Stone Brewing made a bit of a splash in beer news last week.
At a private event held on March 16, Stone Brewing served up Full Circle Pale Ale, an exclusive brew created to promote Pure Water San Diego, a program seeking to provide a portion of the city’s water supply with local water using technology that turns recycled water into safe and high-quality drinking water.
The beer was brewed with purified reclaimed water and available exclusively at the Pure Stone event held at the brewing company’s World Bistro & Gardens — Liberty Station location. The intention, according to Stone, was to demonstrate responsible water usage in a region currently stricken with drought, and to reinforce Stone’s commitment to sustainability and the community.
However, after the public got wind of this special beer, rumors spread everywhere, with headlines from the likes of Grub Street, Thrillist, and VOA News claiming Stone’s beer is brewed with “toilet water,” and even the Late Late Show With James Corden speaking out about concerns over the “sewage water beer.”

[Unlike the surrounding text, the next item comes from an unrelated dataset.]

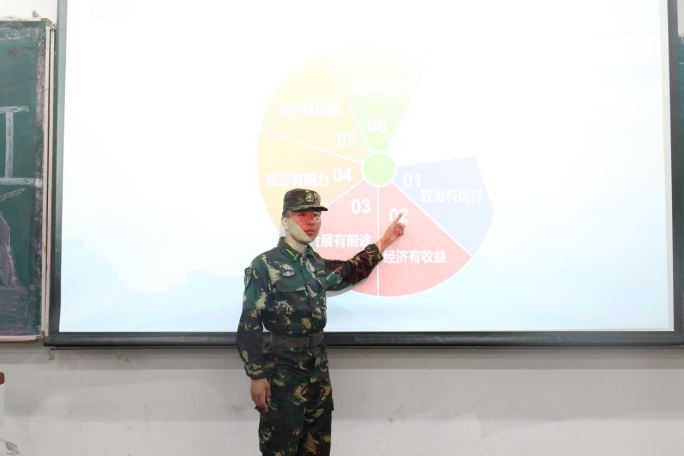 此次会议由张一博教官主讲。首先,张一博教官对同学们最为关心的征兵政策做了详细的解释说明。他从政治优待、经济收益、发展前途、就业助力、学业保障、创业扶持六个方面讲述了参军入伍给同学们带来的帮助与收益。随后,他又向同学们介绍了征兵工作的征兵对象、身体条件等情况。会场气氛非常热烈,同学们接连向张一博教官抛出问题。随后张一博教官对多数同学提出的学费减免、落户要求、助学复学等问题做了统一解答。最后,他阐述了大学生征兵入伍对自身塑造和锻炼成才的重要意义,并期望同学们积极参与应征入伍。接下来,任时瑶教官对张一博教官的讲话进行了补充。他详细的说明了征兵入伍的时间,并对参军入伍优惠政策做了实例化解释。

Subsequently, Stone CEO and co-founder Greg Koch released a statement defending the beer and its purpose, as well as to explain that, no, the beer was not made with water contaminated with feces.
Firstly, Koch clarified, Full Circle Pale Ale is the only Stone beer that has ever been brewed with reclaimed water; no other beer from the company has been made using water recycled from people’s’ homes, offices, or otherwise.
Secondly, the beer was “brewed specifically for, and available exclusively at, the Pure Stone event.” It was never available to the public, and it’s not even available to politicians or VIPs anymore.
And more importantly, the reclaimed water used in the short-lived Full Circle Pale Ale, along with being cleaner than normal tap water, was a tasty example of the ways in which San Diego and other cities can utilize a sustainable water supply, benefitting both environment and community. (Learn more about the Pure Water San Diego Program here.)
“The safe and proven technology is intended to replace up to a third of San Diego’s water with recycled water by 2035,” Koch said in the statement. “Using this technology is nothing new. It’s used by regions all over the U.S., and all over the world.”
Koch also gave a shout out to Orange County, California, which is currently leading the nation in wastewater treatment, using a system similar to Pure Water San Diego for Orange County’s everyday drinking water.
“They’re setting a good standard for responsibility and what can be done when the community pulls their head out of their… well, you know,” Koch said. And finally, the statement concluded, “For the umpteenth time, our name is Stone Brewing, NOT Stone Brewery. Sheesh already.”